Azure Data Factory (ADF) - Issues with parsing strings in CSVs

Azure Data Factory (ADF) - Issues with parsing strings in CSVs

It’s scary how much of the world’s data lives in CSVs. Yet, as a standard, it’s problematic. So many implementations just don’t work as expected. Today, I had a client asking about why Azure Data Factory wouldn’t read a CSV that, while odd, was in a valid format.

The simplest equivalent of the file that wouldn’t load, would be one like this:

First Column,Second Column,Third Column,Fourth Column
12,Terry Johnson,Paul Johnson,031-23423
13,Mary Johnson,"Paul,Johnson",031-23423
14,Mia Johnson,"Paul ""the beast"", Johnson",031-23423
16,Cherry Johnson,Paul Johnson,031-23423

There are meant to be four columns. The source system wrapped strings in quotes only when the string contained a comma, as that was the delimiter for the file.

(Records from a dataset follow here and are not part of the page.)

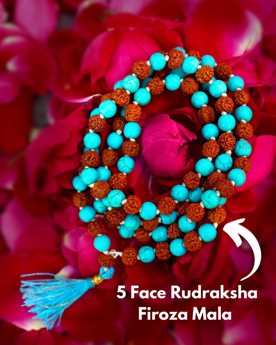 5 face rudraksha mala with Turquoise is a blue-green to green mineral that is commonly used as a gemstone in jewelry. The name "turquoise" is derived from the French word "turquois," meaning "Turkish," as the gemstone was originally brought to Europe through Turkey. Turquoise has been valued for centuries and has been used by various cultures for ornamental and spiritual purposes. It has been associated with protection, good fortune, and healing properties in different traditions. Wearing Turquoise stone brings good luck to the wearer's life. This crystal helps in maintaining stability in married life by creating a deep understanding between the partners. It brings stability and control to a person's life. It also helps to bring out the person from the negative energies around him. This stone has often been associated with protection, luck, and abundance. In many cultures, it is believed that wearing turquoise can ward off negative energies and bring good fortune. The stone is also seen as a symbol of friendship and unity, making it a popular gift among loved ones.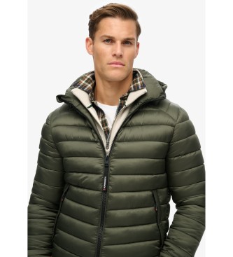 Superdry para hombre. M5011906A Chaqueta acolchada Fuji Sport con capucha verde (S), Casual, Sostenible, Nylon reciclado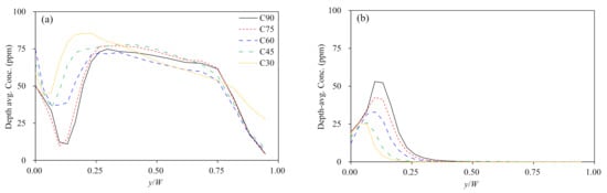Figure 15. Lateral distribution of the depth-averaged concentration in the center of the recirculation zone for different simulated cases: (a) t = 2.4 min; (b) t = 4.1 min.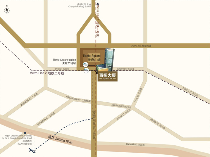 天府广场是城市地铁网络、公交网络的核心枢纽。地铁1、2号线在此组成地下零换乘枢纽,便捷出行随心所欲。近30条线路编制的公交路网,直接通达城市各处。此外,仅需20分钟即可到达成都双流国际机场,飞往全球各大城市。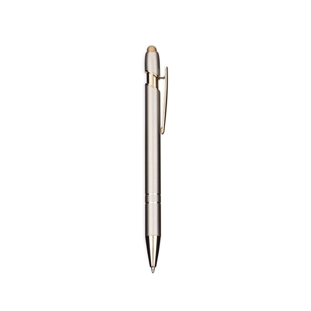 Caneta metálica com detalhe emborrachado no topo, ideal para interação com dispositivos de telas sensíveis ao toque. Possui acionamento por clique e carga esferográfica azul de 1,0mm.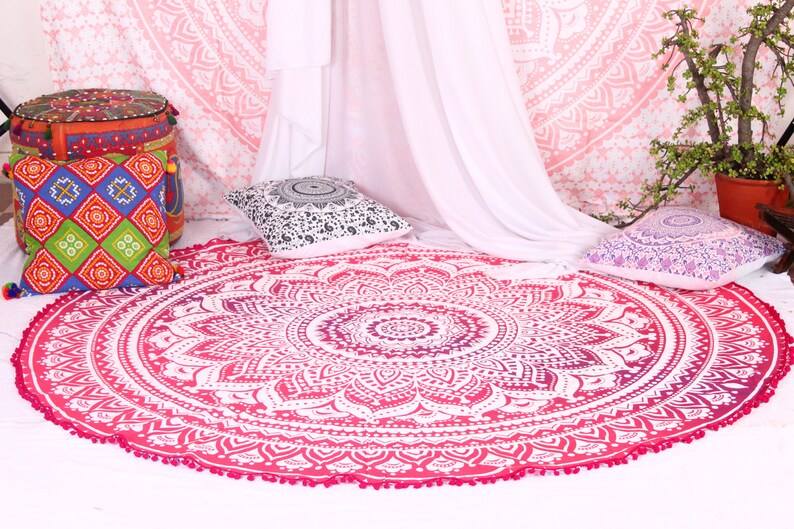 เสื่อโยคะชายหาดสำหรับปิกนิกพิมพ์ลายสีชมพูออมเบรของตกแต่งบ้าน

But the fourth line in that file would not load. ADF would split it across multiple columns. It was not interpreting the double-double-quotes.

I was puzzled at first, as the file seemed ok. If I upload that file an any of the common online CSV file validators or linters, they all said it was ok.

The client had configured the dataset as follows:

The options seemed ok to them.

Turns out the issue was with the escape character. ADF defaulted to using a backslash. For the majority of CSV files that I see, it would need to be a double-quote:

And sure enough, with that change in place, it loaded files similar to the one above without issue.

I don’t know why that’s not the default for CSV files in ADF but I do hope it helps someone else.

2023-09-12